Thursday, August 28, 2008
Letting Go
“Sometimes when I pick Matthew up he wraps his arms around me so tightly, like he is worried that I will let go of him before he is ready for me to,” Julie tells me one day when I drop Matthew off for daycare. She watches him in her home anywhere from twenty to twenty-five hours a week. Matthew is very much at home there, whether it is squabbling with the other kids over toys, chasing their part Akita part Snuffleupagus around the yard, or rooting through their kitchen cabinets.
We chose Julie not because her house was in a quiet neighborhood, or even that she provided packets of information for us to take home. It was because during the interview, when Matthew was crawling around her living room she put her hand on corner edge of the coffee table to prevent him from bumping his head. It was something that she had probably not thought about while she was doing it, which was the type of person I wanted watching Matthew while I was at work, a mom with some experience.
After leaving her home after our interview we went out for dinner and as we were leaving the restaurant we happened to see Julie and her family arriving, evidently a good sign!
“Bye Mama!” Matthew says waving at after me as I walk to my car, “Bye Mama! Bye!” His goodbyes are cheerful and frantic at the same time.
Oh that little Matthew! With his fork in one hand and ravioli in the other during meals, who walks around the house with a Grover stethoscope around his neck and carrying an empty medicine spoon. How quickly the time will pass and one day he won’t remember that there was ever a time he preferred blueberries to chocolate. Will he remember Julie or will she get lost along with the memories of afternoons spent playing with Legos and Play Doh? Already the thought of him as a teenager engulfs me with sense of longing for his babyhood.
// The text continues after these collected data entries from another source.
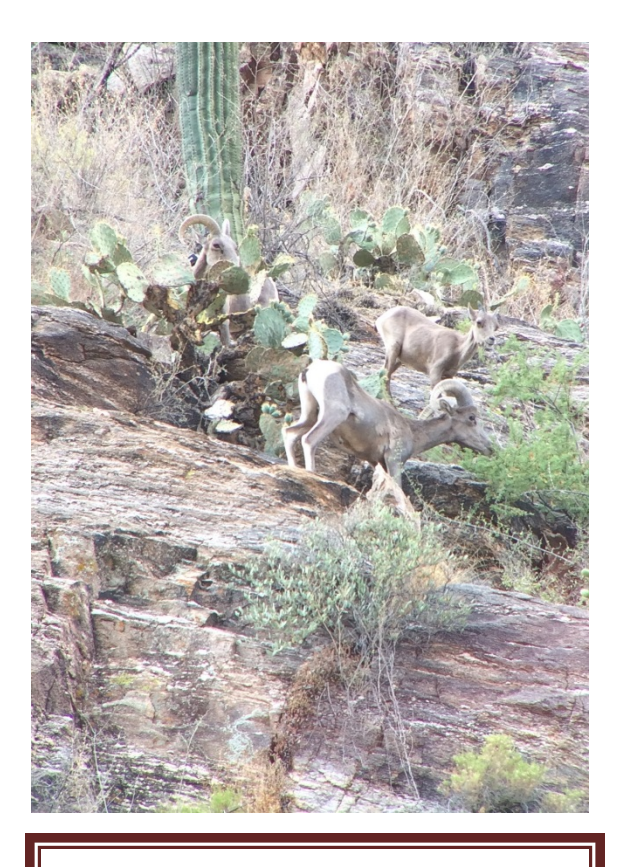
One collared ewe, one uncollared ewe, and a lamb browsing on acacia and prickly pear cactus.

Two collared ewes, one uncollared ewe, and a yearling female.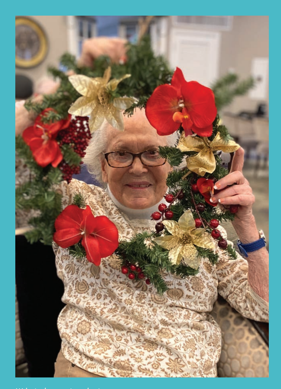
We're in the experience business

By studying trends and generational shifts, and by applying our passion and imagination, SRG remains in a singular position to seize emerging opportunities and answer the call.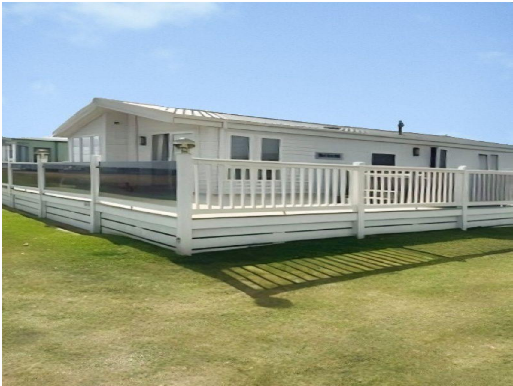
The Meadows Crimdon Dene Park, Blackhall Colliery Hartlepool TS27 4BN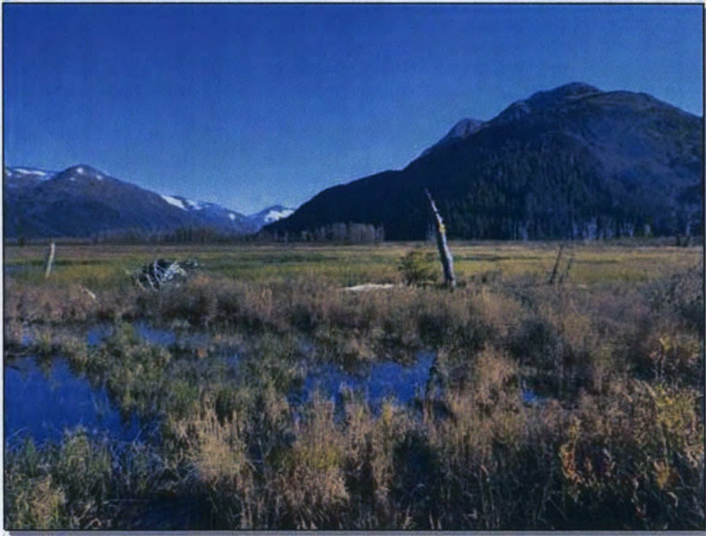
Site 29: Vegetation. Photo taken September 29, 2016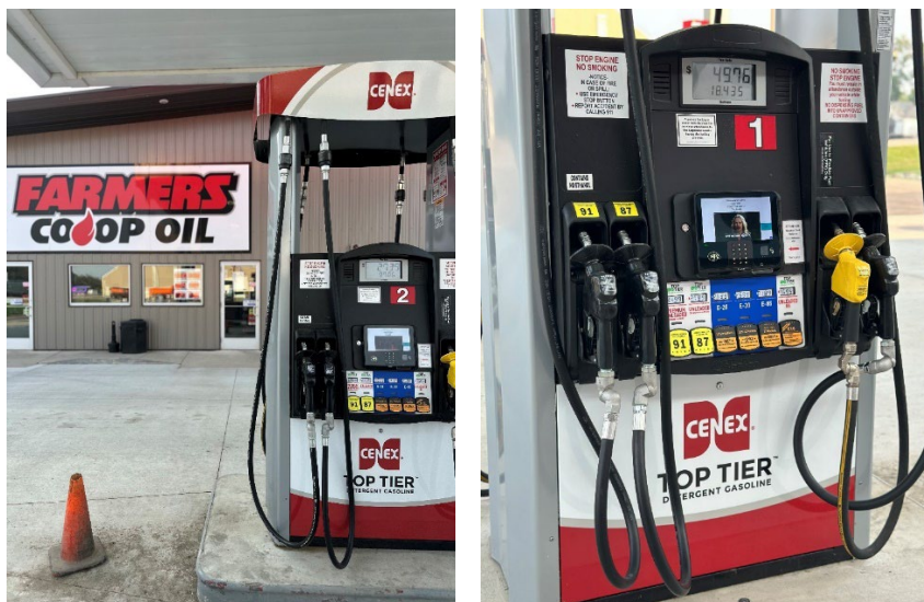
Photo 1 and Photo 2. Farmers Cooperative Oil, located in Elbow Lake, is the only retailer in their area to offer access to biofuels.

Farmers Cooperative Oil was formed in Elbow Lake in 1929. Their retail store offers a variety goods to their community including convenience foods, pet food, softener salt, liquefied petroleum tank filling, hardware fasteners, fishing and hunting licenses, full-service fueling, and are now the only station in the area to offer access to biofuels. Manager Derek Birdsall shares “We are feeling an excitement in our small farming community to offer ethanol blends. As the only provider in the close area, it’s a big deal. We would have had a difficult time funding the project without the grant.” Farmers Cooperative Oil received a grant award of $187,464 in FY25 and completed their project in summer of 2025. They are now able to offer E85, E30, and E20 at both of their two dispensers in all four fueling positions and report seeing an increase in traffic since completing their project.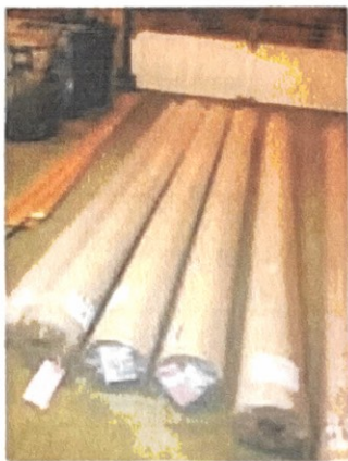
475 yards of 108" muslin – weighing in at 675 pounds -- arrive at Mary Cannizzaro's house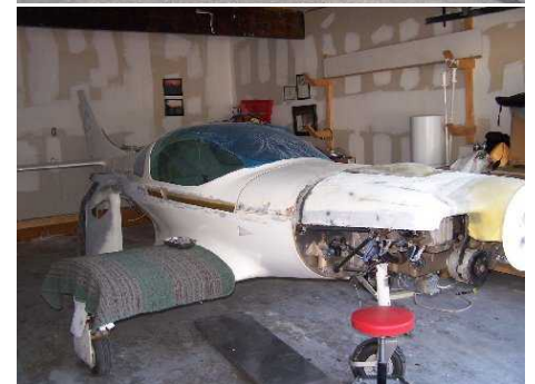
SAFE AT THE NEW WORKSHOP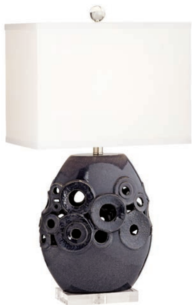
Pacific Coast Lighting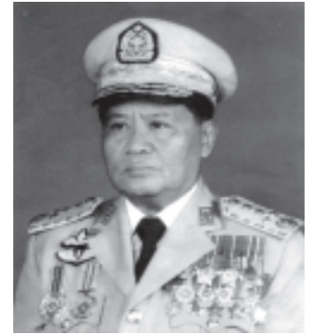
Senior General Than Shwe Chairman of the State Peace and Development Council Commander-in-Chief of Defence Services (From the message sent to the 53rd Anniversary Union Day)

Throughout history, the Union people were able to set up the fine historical traditions of living together with Union Spirit on the same land and drinking water from the same source, with eggs and nest intact, and warding off in unity all the dangers befalling the nation. These fine traditions have firmly existed as a symbol of unity of national races of the entire Union of Myanmar for many years.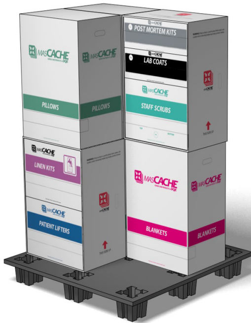
MasCache POD (MCPD4), (MCPD5), (MCPD6)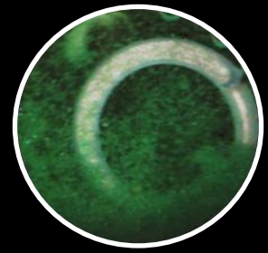
Liquid / Solid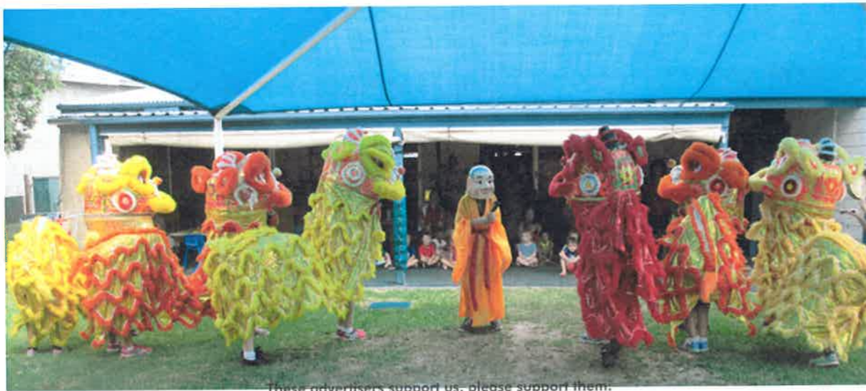
These advertisers support us, please support them.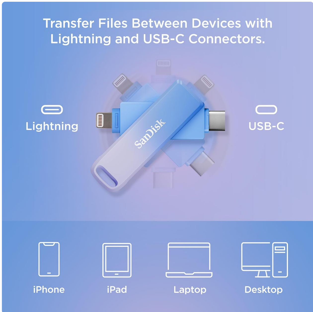
Image 4: A visual guide demonstrating the drive's compatibility with various devices through its dual Lightning and USB-C connectors.

5. Initial Recognition: Your device should recognize the drive automatically. For iOS devices, the SanDisk Memory Zone app will prompt you to connect the drive. For computers, the drive will appear as an external storage device.

The reason for this is a simple one, I am afraid he will let go of me before I am ready for him to.
Thursday, August 14, 2008
Houseguests Like Us
Our summer vacation
Instead of going away for vacation this week we took a staycation. Our agenda was packed with trips to nearby playgrounds, parks, and museums, but we made sure to schedule enough time for outdoor play, free time, and lazy naps. One of the highlights would have been Matthew eating his first ice cream cone. By the time we left the restaurant we used three-quarters of the wipes in my diaper bag.
After that we drove over to the next town to a state park with a lake to swim in. Up until then Matthew seemingly only enjoyed swimming in chlorinated bodies of water so we didn’t bother to pack his bathing suit or a swim diaper. Except Matthew took to the water as though the letter M in his name stood for manatee. Bob and I wondrously looked on while he sat in water piling rocks and not minding slimy fish swimming just a few feet away from him.
This week we visited places both new and old to us, ordered takeout for meals, and had the comfort of sleeping in our own beds each night.It was as every bit relaxing as a vacation away from home.
Cat In The Garage
The simple explanation is that there is a cat in our garage. The fact that we don’t own a cat and that I only went in there to get a pair of sneakers in the first place complicate things. Currently the garage is packed with storage boxes and furniture while the basement is in throws of renovation. The cat is hidden somewhere among the boxes but refuses to come out even when I leave a bowl of milk in the driveway.
“Remember last night when you asked me if the noise we heard was thunder?” Bob recalls “It was probably the cat knocking something over instead.”
Matthew has his morning snack in the driveway while I hold out some tuna on a plate to a bunch of boxes. A neighbor passes by and reports that no, she is not missing a cat, but the another family lost their orange cat a couple months ago.
I have no idea if the cat was orange or not.
While Matthew bounces his ball on the driveway and I am scheming up my next plan the the cat, grey with black markings and big green eye comes out of hiding to eat the tuna.
“Keytee,” Matthew enthuses. The cat startles and runs back into her hiding spot. “Key?”
We leave the door open for awhile and the next morning when everything is cleared out of the garage to look for the cat it appears to have left in the manner it arrive (when no one was looking). From the fur lined seat cover it is apparent that the cat picked Matt’s old baby swing as its hiding spot.We hope the cat made it home safely.